> **WORK TO COMPLETE**:
Each record must appear in the answer exactly as it does in the data.

[Dataset items]
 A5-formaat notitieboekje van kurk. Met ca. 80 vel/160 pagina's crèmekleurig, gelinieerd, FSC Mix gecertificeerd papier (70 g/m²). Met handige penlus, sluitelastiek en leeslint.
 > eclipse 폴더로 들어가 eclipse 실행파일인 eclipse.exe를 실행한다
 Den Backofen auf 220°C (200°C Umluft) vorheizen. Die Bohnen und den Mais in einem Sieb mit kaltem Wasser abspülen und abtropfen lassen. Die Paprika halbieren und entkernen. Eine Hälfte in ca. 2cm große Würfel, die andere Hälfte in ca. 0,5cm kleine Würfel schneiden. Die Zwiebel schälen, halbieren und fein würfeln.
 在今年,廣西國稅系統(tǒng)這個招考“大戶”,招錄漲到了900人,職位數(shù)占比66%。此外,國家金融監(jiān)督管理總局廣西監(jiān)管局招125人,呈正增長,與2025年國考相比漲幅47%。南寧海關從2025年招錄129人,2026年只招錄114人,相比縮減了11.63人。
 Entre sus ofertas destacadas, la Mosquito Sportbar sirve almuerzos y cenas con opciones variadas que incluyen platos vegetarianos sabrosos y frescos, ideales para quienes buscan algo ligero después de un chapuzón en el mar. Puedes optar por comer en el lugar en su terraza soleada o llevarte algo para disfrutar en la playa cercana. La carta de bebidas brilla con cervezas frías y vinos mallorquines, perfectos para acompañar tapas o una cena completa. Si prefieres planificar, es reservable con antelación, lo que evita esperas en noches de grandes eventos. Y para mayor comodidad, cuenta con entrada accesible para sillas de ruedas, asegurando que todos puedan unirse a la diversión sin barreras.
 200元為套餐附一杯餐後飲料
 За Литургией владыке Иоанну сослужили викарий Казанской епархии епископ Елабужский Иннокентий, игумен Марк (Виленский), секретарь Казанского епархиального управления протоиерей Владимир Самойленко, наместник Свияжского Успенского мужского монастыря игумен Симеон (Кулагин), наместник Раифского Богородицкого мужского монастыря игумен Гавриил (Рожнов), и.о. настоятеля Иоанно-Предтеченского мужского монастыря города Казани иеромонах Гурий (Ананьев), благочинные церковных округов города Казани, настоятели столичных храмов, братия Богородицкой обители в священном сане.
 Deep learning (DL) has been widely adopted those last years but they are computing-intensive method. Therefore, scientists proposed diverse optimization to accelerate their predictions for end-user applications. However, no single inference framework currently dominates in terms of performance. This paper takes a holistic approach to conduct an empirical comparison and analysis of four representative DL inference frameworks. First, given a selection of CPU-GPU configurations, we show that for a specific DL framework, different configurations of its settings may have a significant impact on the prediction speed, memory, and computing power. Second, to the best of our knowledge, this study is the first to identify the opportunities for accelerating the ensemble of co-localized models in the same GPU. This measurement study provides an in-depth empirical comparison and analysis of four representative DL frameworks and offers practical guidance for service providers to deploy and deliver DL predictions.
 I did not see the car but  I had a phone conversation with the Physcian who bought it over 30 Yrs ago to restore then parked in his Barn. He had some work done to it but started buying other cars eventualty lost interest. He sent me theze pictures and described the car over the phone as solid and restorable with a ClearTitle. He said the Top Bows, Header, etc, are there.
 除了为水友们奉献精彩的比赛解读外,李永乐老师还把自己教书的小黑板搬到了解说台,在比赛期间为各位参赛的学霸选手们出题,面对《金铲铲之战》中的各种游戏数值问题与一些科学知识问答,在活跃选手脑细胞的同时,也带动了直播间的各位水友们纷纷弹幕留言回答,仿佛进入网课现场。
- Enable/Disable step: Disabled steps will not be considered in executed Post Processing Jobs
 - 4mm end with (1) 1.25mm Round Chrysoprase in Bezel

> **SOLUTION FOR THIS PROBLEM**:
 A5-formaat notitieboekje van kurk. Met ca. 80 vel/160 pagina's crèmekleurig, gelinieerd, FSC Mix gecertificeerd papier (70 g/m²). Met handige penlus, sluitelastiek en leeslint.
 > eclipse 폴더로 들어가 eclipse 실행파일인 eclipse.exe를 실행한다
 Den Backofen auf 220°C (200°C Umluft) vorheizen. Die Bohnen und den Mais in einem Sieb mit kaltem Wasser abspülen und abtropfen lassen. Die Paprika halbieren und entkernen. Eine Hälfte in ca. 2cm große Würfel, die andere Hälfte in ca. 0,5cm kleine Würfel schneiden. Die Zwiebel schälen, halbieren und fein würfeln.
 在今年,廣西國稅系統(tǒng)這個招考“大戶”,招錄漲到了900人,職位數(shù)占比66%。此外,國家金融監(jiān)督管理總局廣西監(jiān)管局招125人,呈正增長,與2025年國考相比漲幅47%。南寧海關從2025年招錄129人,2026年只招錄114人,相比縮減了11.63人。
 Entre sus ofertas destacadas, la Mosquito Sportbar sirve almuerzos y cenas con opciones variadas que incluyen platos vegetarianos sabrosos y frescos, ideales para quienes buscan algo ligero después de un chapuzón en el mar. Puedes optar por comer en el lugar en su terraza soleada o llevarte algo para disfrutar en la playa cercana. La carta de bebidas brilla con cervezas frías y vinos mallorquines, perfectos para acompañar tapas o una cena completa. Si prefieres planificar, es reservable con antelación, lo que evita esperas en noches de grandes eventos. Y para mayor comodidad, cuenta con entrada accesible para sillas de ruedas, asegurando que todos puedan unirse a la diversión sin barreras.
 200元為套餐附一杯餐後飲料
 За Литургией владыке Иоанну сослужили викарий Казанской епархии епископ Елабужский Иннокентий, игумен Марк (Виленский), секретарь Казанского епархиального управления протоиерей Владимир Самойленко, наместник Свияжского Успенского мужского монастыря игумен Симеон (Кулагин), наместник Раифского Богородицкого мужского монастыря игумен Гавриил (Рожнов), и.о. настоятеля Иоанно-Предтеченского мужского монастыря города Казани иеромонах Гурий (Ананьев), благочинные церковных округов города Казани, настоятели столичных храмов, братия Богородицкой обители в священном сане.
 Deep learning (DL) has been widely adopted those last years but they are computing-intensive method. Therefore, scientists proposed diverse optimization to accelerate their predictions for end-user applications. However, no single inference framework currently dominates in terms of performance. This paper takes a holistic approach to conduct an empirical comparison and analysis of four representative DL inference frameworks. First, given a selection of CPU-GPU configurations, we show that for a specific DL framework, different configurations of its settings may have a significant impact on the prediction speed, memory, and computing power. Second, to the best of our knowledge, this study is the first to identify the opportunities for accelerating the ensemble of co-localized models in the same GPU. This measurement study provides an in-depth empirical comparison and analysis of four representative DL frameworks and offers practical guidance for service providers to deploy and deliver DL predictions.
 I did not see the car but  I had a phone conversation with the Physcian who bought it over 30 Yrs ago to restore then parked in his Barn. He had some work done to it but started buying other cars eventualty lost interest. He sent me theze pictures and described the car over the phone as solid and restorable with a ClearTitle. He said the Top Bows, Header, etc, are there.
 除了为水友们奉献精彩的比赛解读外,李永乐老师还把自己教书的小黑板搬到了解说台,在比赛期间为各位参赛的学霸选手们出题,面对《金铲铲之战》中的各种游戏数值问题与一些科学知识问答,在活跃选手脑细胞的同时,也带动了直播间的各位水友们纷纷弹幕留言回答,仿佛进入网课现场。
- Enable/Disable step: Disabled steps will not be considered in executed Post Processing Jobs
 - 4mm end with (1) 1.25mm Round Chrysoprase in Bezel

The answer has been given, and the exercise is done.